Case (b): When the charging battery is connected in the circuit: Let the charging battery is continue the supply of charge. When the dielectric is introduced then potential decreases by \(\frac{1}{\mathrm{~K}}\) times and charge on the plates increases until the potential difference attains the original value = V’
New charge on the plates Q’ = KQ
Hence new capacity C’ = \(\frac{Q^{\prime}}{V}=\frac{K Q}{V}\) = K.C.
Energy stored in the capacitor U’ = \(\frac{1}{2}\)Q’V = \(\frac{1}{2}\)(KQ) V – KU
U’ = KU
∴ Energy stored in the capacitor increases by ‘K’ times.

Question 14.
Derive the balancing condition of a Wheatstone bridge ?
Answer:
1) Kirchhoff’s first law (Junction rule or KCL) : The algebraic sum of the currents at any junction is zero. ∴ ΣI = 0
(or)
The sum of the currents flowing towards a junction is equal to the sum of currents away from the junction.

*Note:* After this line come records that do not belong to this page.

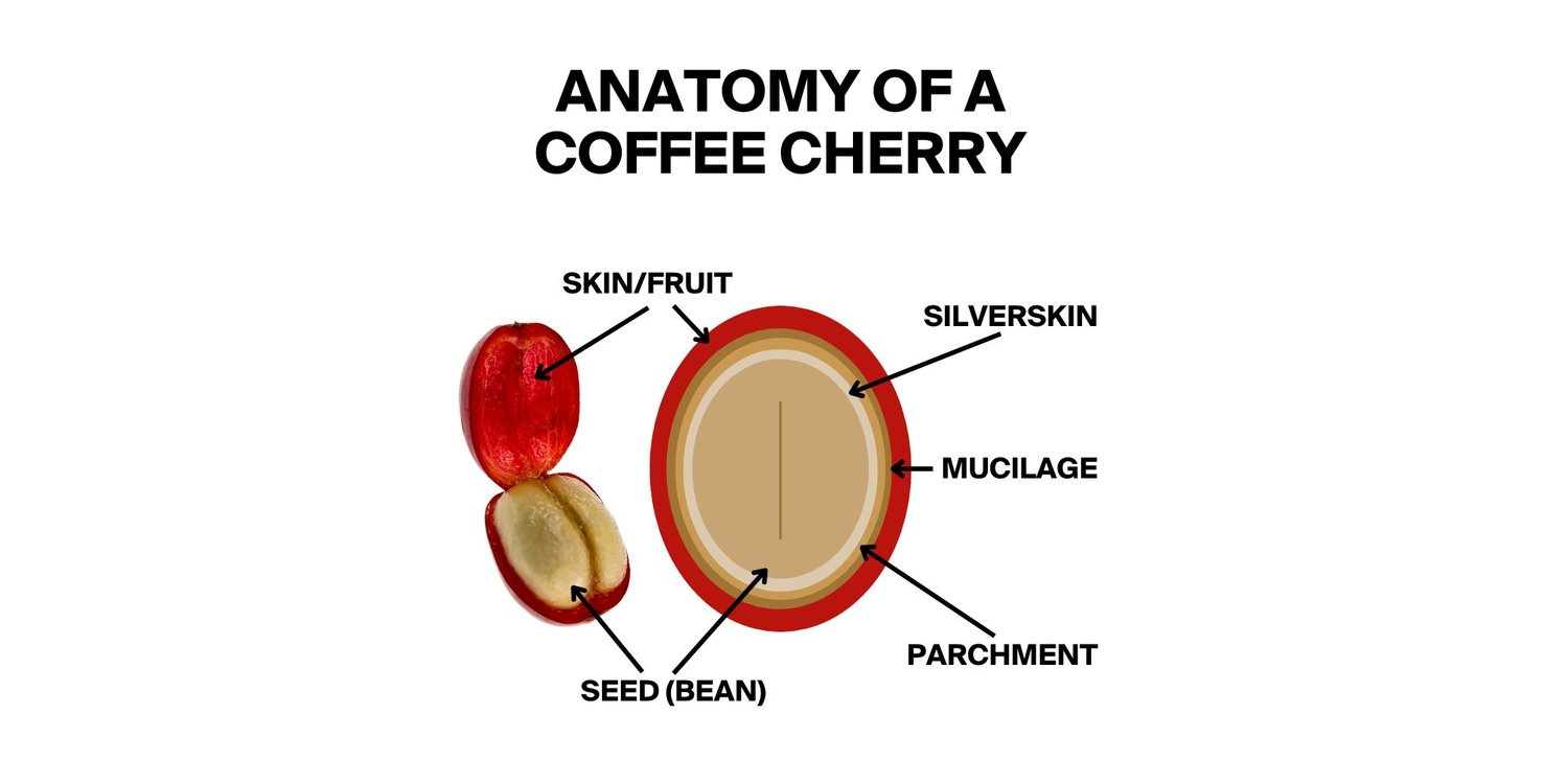 There are a few layers that make up the anatomy of a coffee bean. The outer layer of a coffee cherry is the fruity flesh which is often referred to as cascara (in the Americas) and can be brewed into a tea.
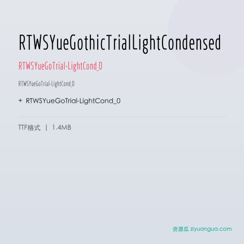 RTWSYueGoTrial-LightCond_0是一款线条纤细优雅,圆润可爱的中文字体。该字体在保持良好可读性的同时,兼具设计美感,是设计师字库中值得收藏的精品。
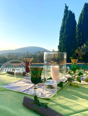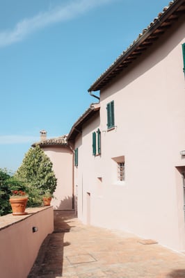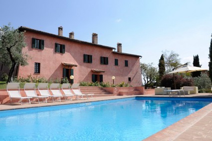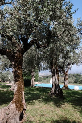 The villa, once a medieval convent, has been beautifully transformed into a charming country residence with a swimming pool, surrounded by silvery olive groves atop a scenic hill.
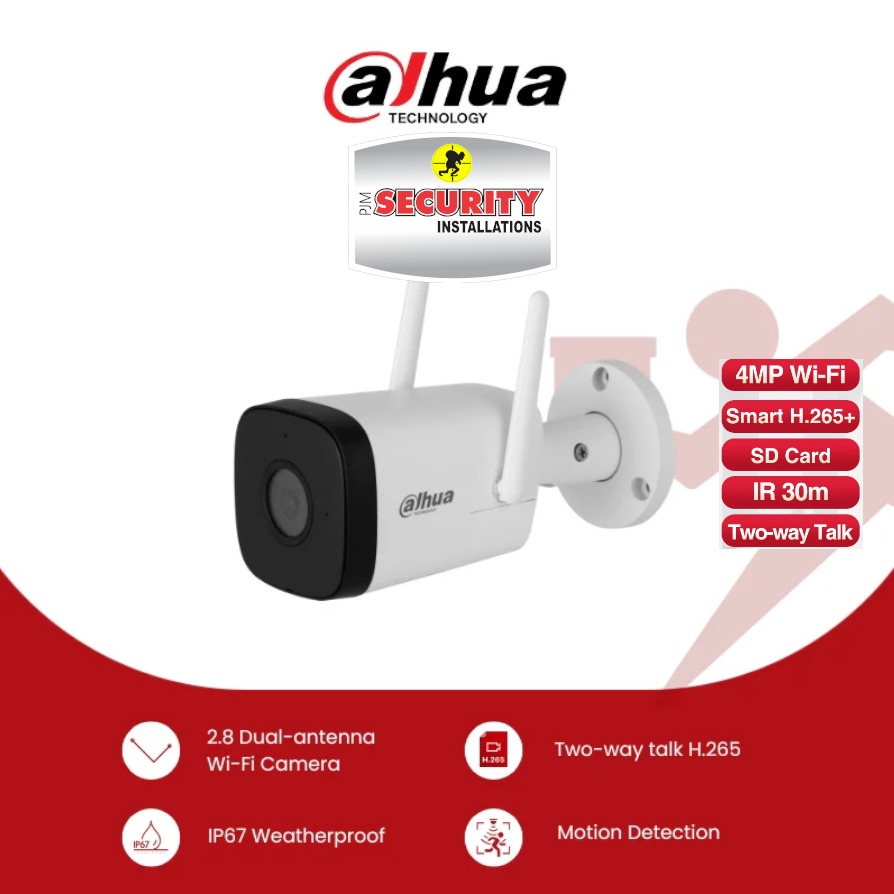 DAHUA Wifi Camera IP66 with IR Night and Audio SD Card -128 Gig, VIEWED OVER PHONE INSTALLED AT SITE WITH NO MORE THAN 10M OF POWER CABLE REQUIRED
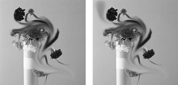 Рис. 17.13. Смазывание участков изображения инструментом Smudge (Смазывание) с низкой (слева) и высокой (справа) силой
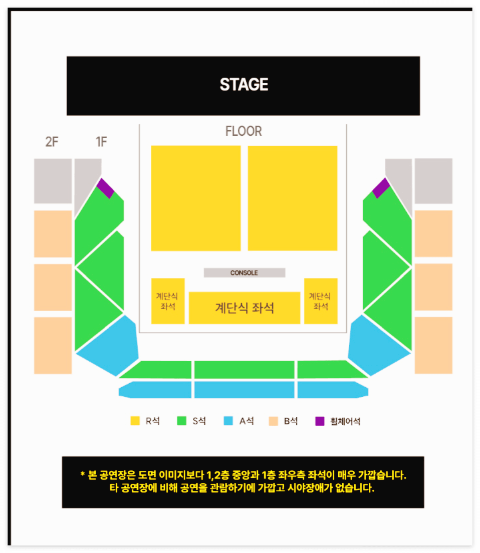 | R석 | 154,000원 | 123,200원 | 경증장애인(4~6급) 본인만20% 중증장애인 (1~3급) 동반1인20% |
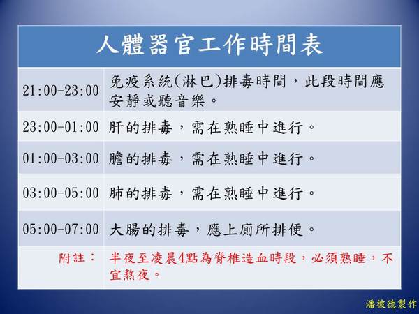最近收到了朋友傳來的一份「器官工作時間表」,根據原蘇聯科學家費洛諾夫研究發現身體各部門的器官都有自已的工作時間,特別是晚上11點至凌晨1點,這段時間是肝臟需要在熟睡之中進行排毒,相信在此時段的我們,不是在追劇,就是在熬夜、加班、拼經濟,因此熬夜的行為也稱之為「爆肝」一點也不為過。
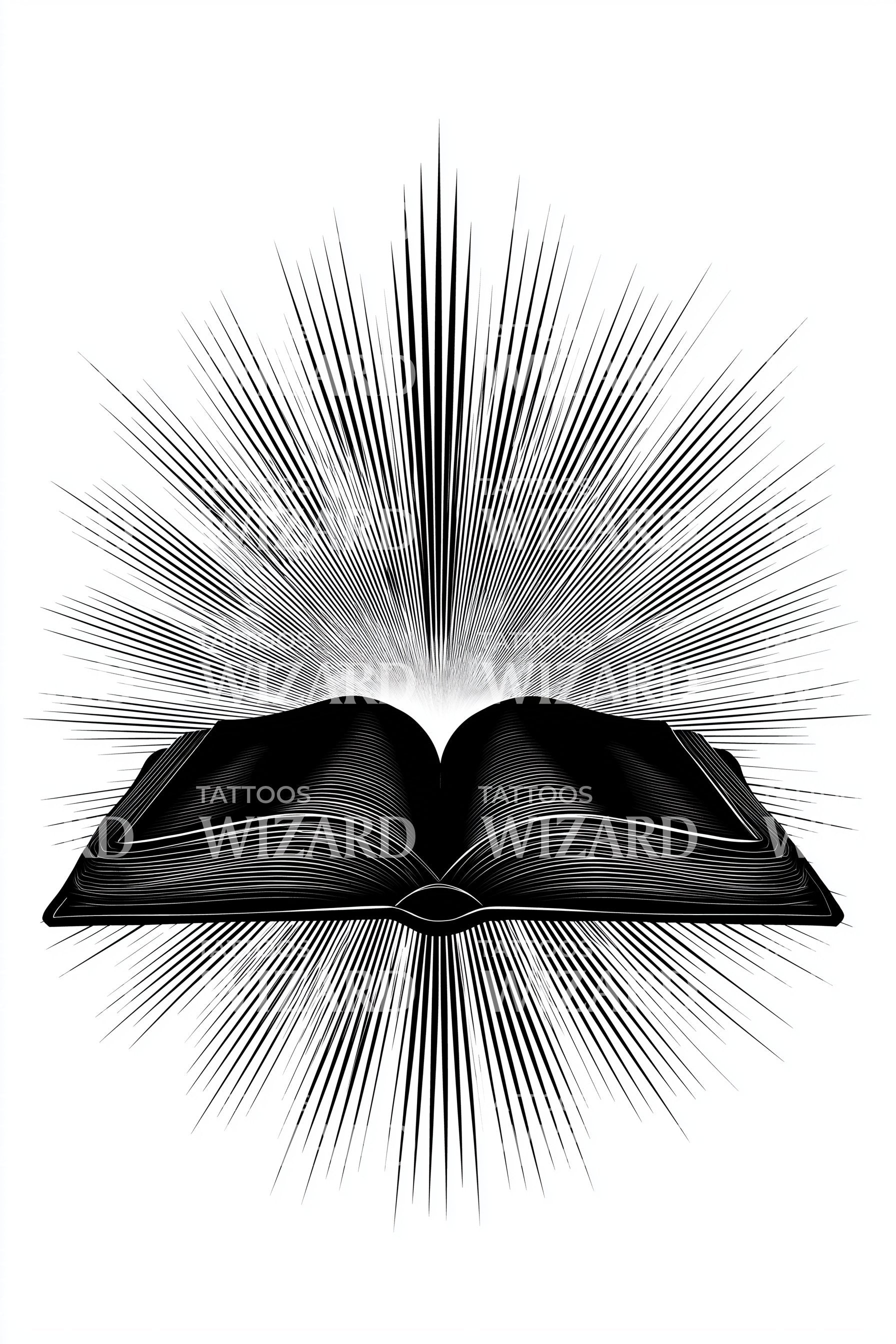 Погрузитесь в божественное сияние с этим сложным дизайном татуировки в стиле blackwork. Вдохновлённый священным писанием, этот шедевр изображает сияющую книгу, символизирующую веру и просветление. Гарантированно вызывает глубокие чувства, это уникальное выражение духовности и священного света.
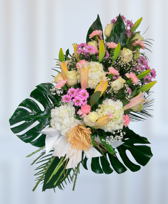 Hacemos envío de centros funerarios de flores, en los principales Tanatorios de Badalona. En ellos nos conocen y saben que las entregas son efectuadas en tiempo mínimo por nuestra parte. Si el cliente lo precisa, también podemos hacer entregas en el Cementerio, así como en domicilios particulares, Iglesias o en cualquier otro lugar de culto que se nos indique. Ramo Funerario tonos Rosa
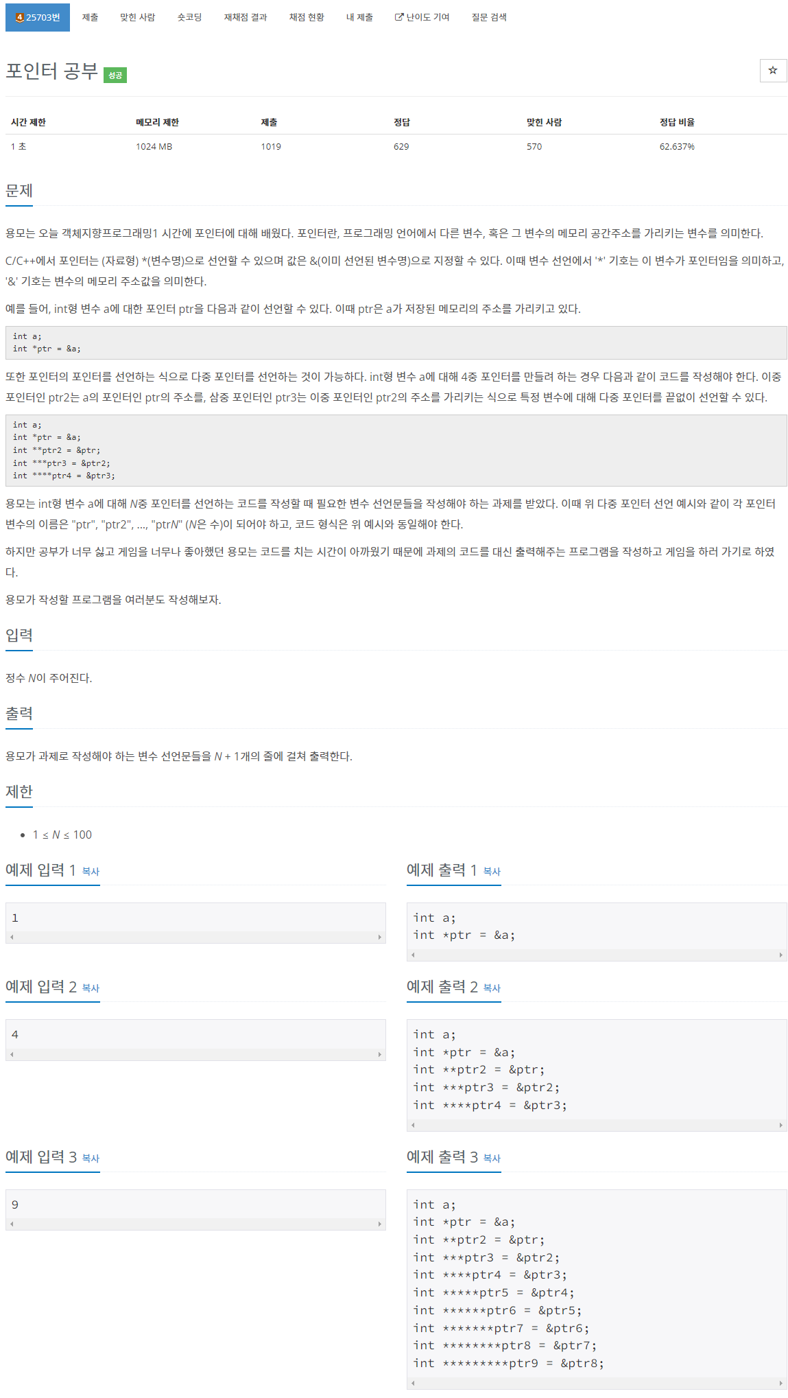 문제에서 제시된대로 구현만 할 수 있다면 풀 수 있다. 여기서 로직을 간편하게 하려면, 반복된 코드로 짤 수 있는 부분과 없는 부분을 잘 나누는 것이다. int a;와 int *ptr = &a; 까지만 미리 출력을 해둔다면 그 이후로는 반복문을 통해 동일한 로직으로 출력할 수 있다.
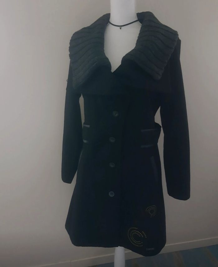 Magnifique manteau laine noir Desigual taille 46 - photo numéro 1
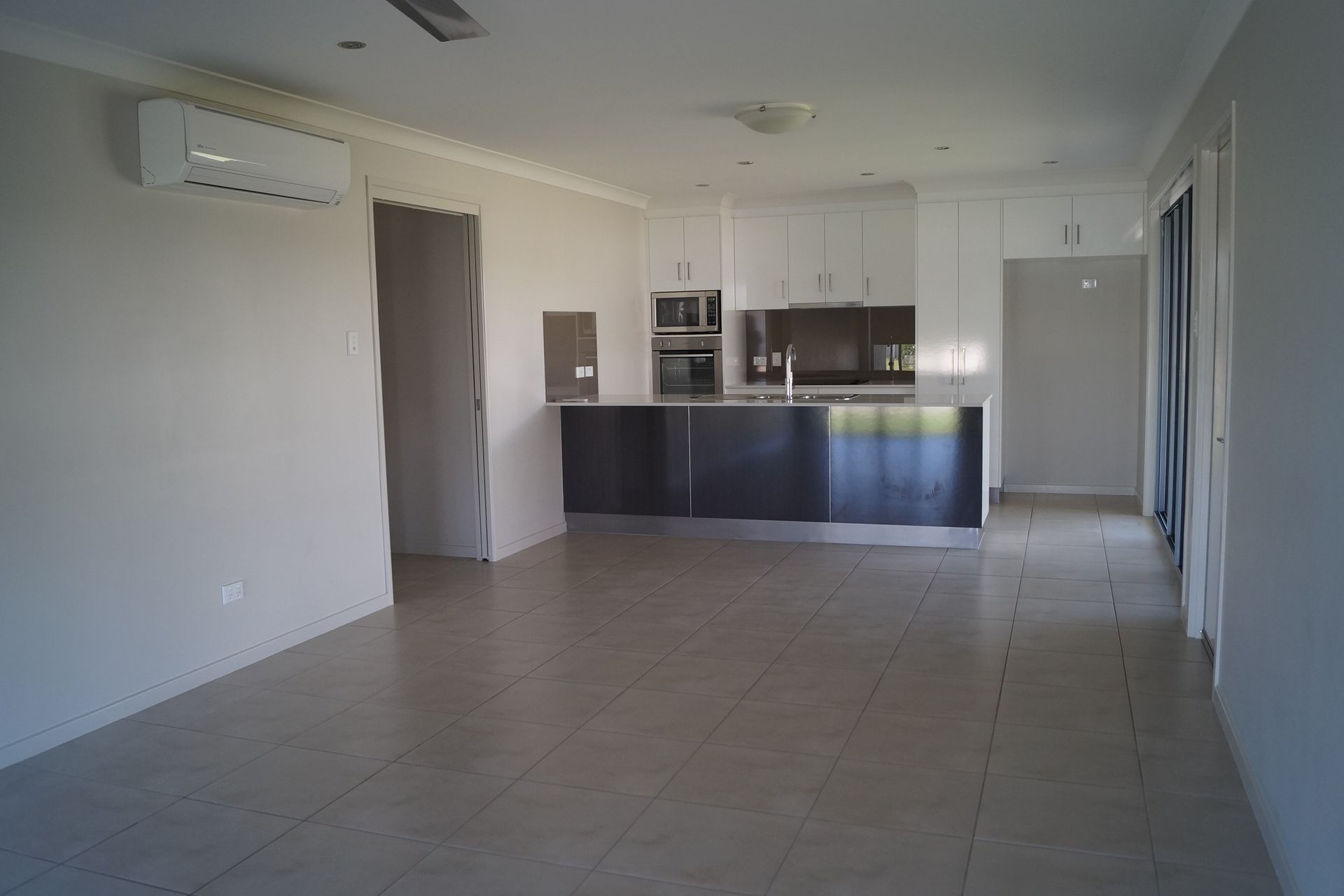 - Open plan ,tiled living area
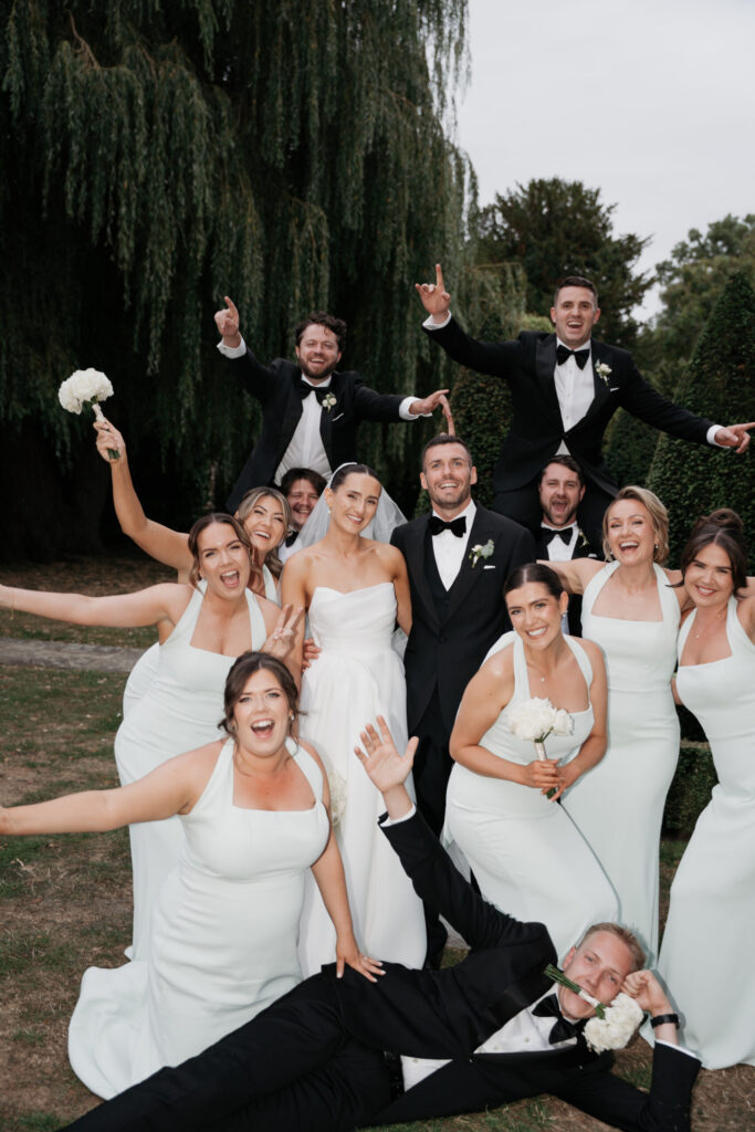 My six bridesmaids wore the same halterneck dress in a soft mint colour from Odd Muse and I was more than happy for mum to wear white from Hobbs. Jack wore black tie from Charles Tyrwhitt and his groomsmen’s suits were hired from Moss Bros.
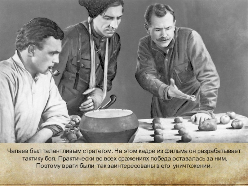 Слайд 17Чапаев был талантливым стратегом. На этом кадре из фильма он разрабатывает
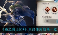 在苍之骑士团2中很多小伙伴都很想知道游戏中的斩职业骑士ssr里昂的强度怎么样,今天小编给大家带来了《苍之骑士团2》里昂使用效果一览。感兴趣的小伙伴一起来看看吧,希望可以帮助到大家。《苍之骑士团2》里昂使用效果一览1、斩职业骑士ssr,输出也极其高,一般开局别先用他,先让其他骑士输出,在让他收场。普通技,攻击范围也是三角形不过这次是倒的,区域目标造成攻击70%的物流伤害,注意残血!这样可以打的更多。2、必杀技,攻击范围就一点,不过伤害高,对目标造成攻击180%的物理伤害,而且攻击时,目标每带1个负面效果,都会给自身暴击率提高20%无上限,这样针对那些有负面效果的敌人,暴击就打出来了。3、被动:击杀任意目标时,还能对当前生命最低的敌方进行额外攻击,造成的伤害是本次溢出伤害的40%的物理伤害,要是你在这次额外攻击又击
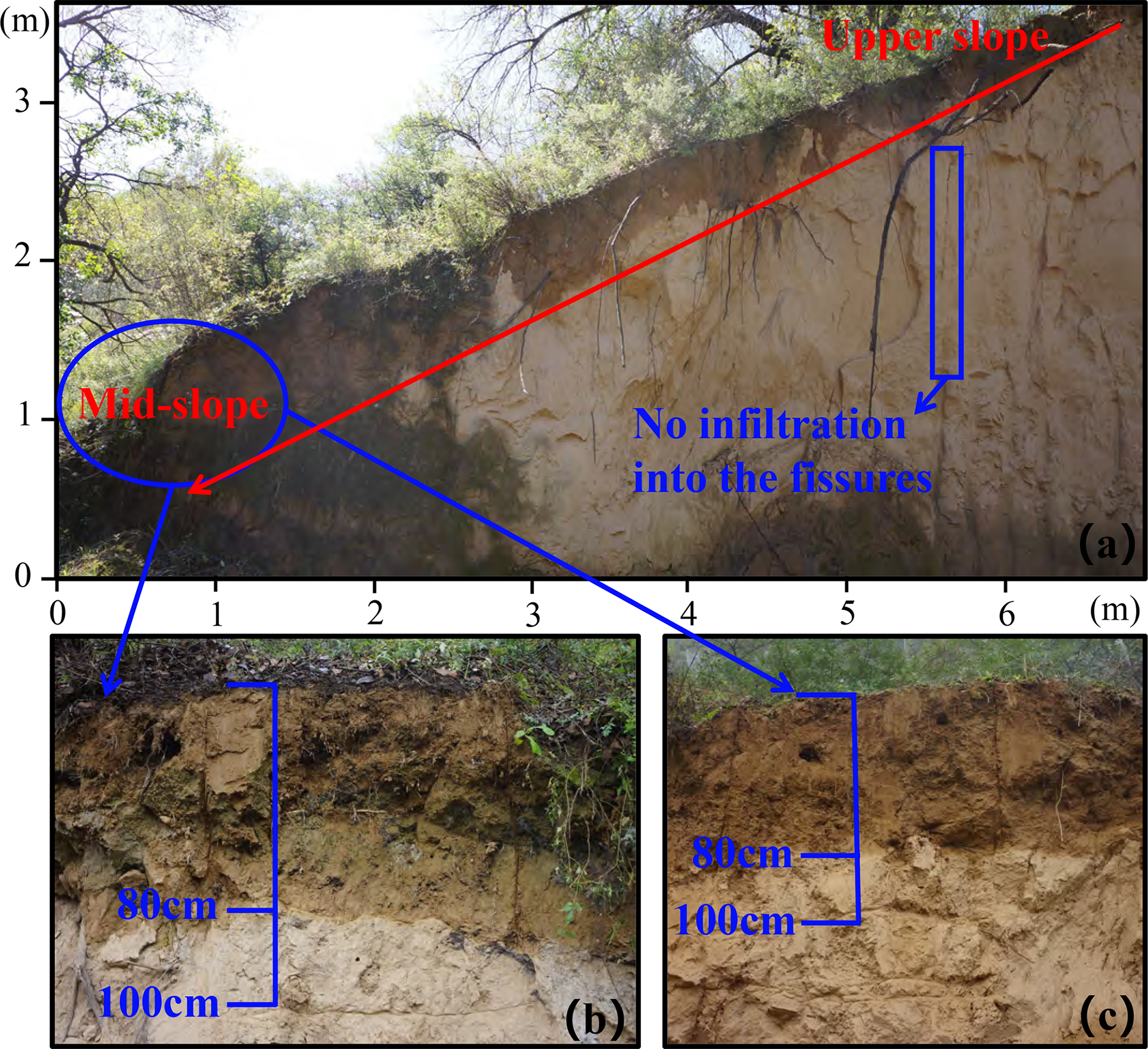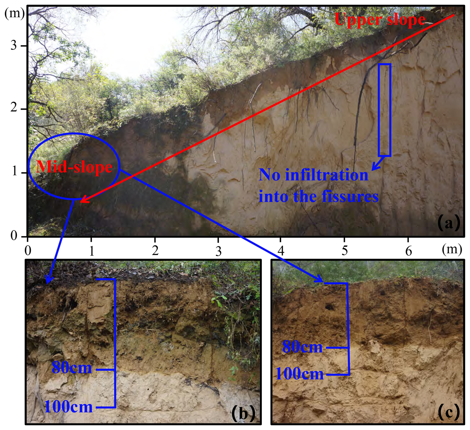 Figure 2The topographic profile of the Nianzhuang Catchment in the hilly region of the Loess Plateau. Full profile from the top to mid-slope (a); two repeated mid-slope profiles (b, c). The photo was taken after a 41 mm rainfall event over 4 d. Subsequent measurements showed that infiltration depths reached only 20–30 cm at the top of the slope, compared to approximately 80 cm at the mid-slope positions.
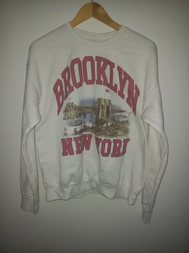 Cozy white sweatshirt featuring a "Brooklyn New York" design! Perfect for casual wear or layering up on chilly days. The design includes a print of the Brooklyn Bridge.

2) Kirchhoffs second law (Loop rule or KVL) : the algebraic sum of potential around any closed loop is zero.
∴ Σ(IR) + ΣE = 0
Wheatstone bridge: Wheatstone’s bridge circuit consists of four resistances R₁, R₂, R₃ and R₄ are connected to form a closed path. A cell of emf e is connected between the point A and C and a galvanometer is connected between the points B and D as shown in fig. The current through the various branches are indicated in the figure. The current through the galvanometer is I_g and the resistance of the galvanometer is G.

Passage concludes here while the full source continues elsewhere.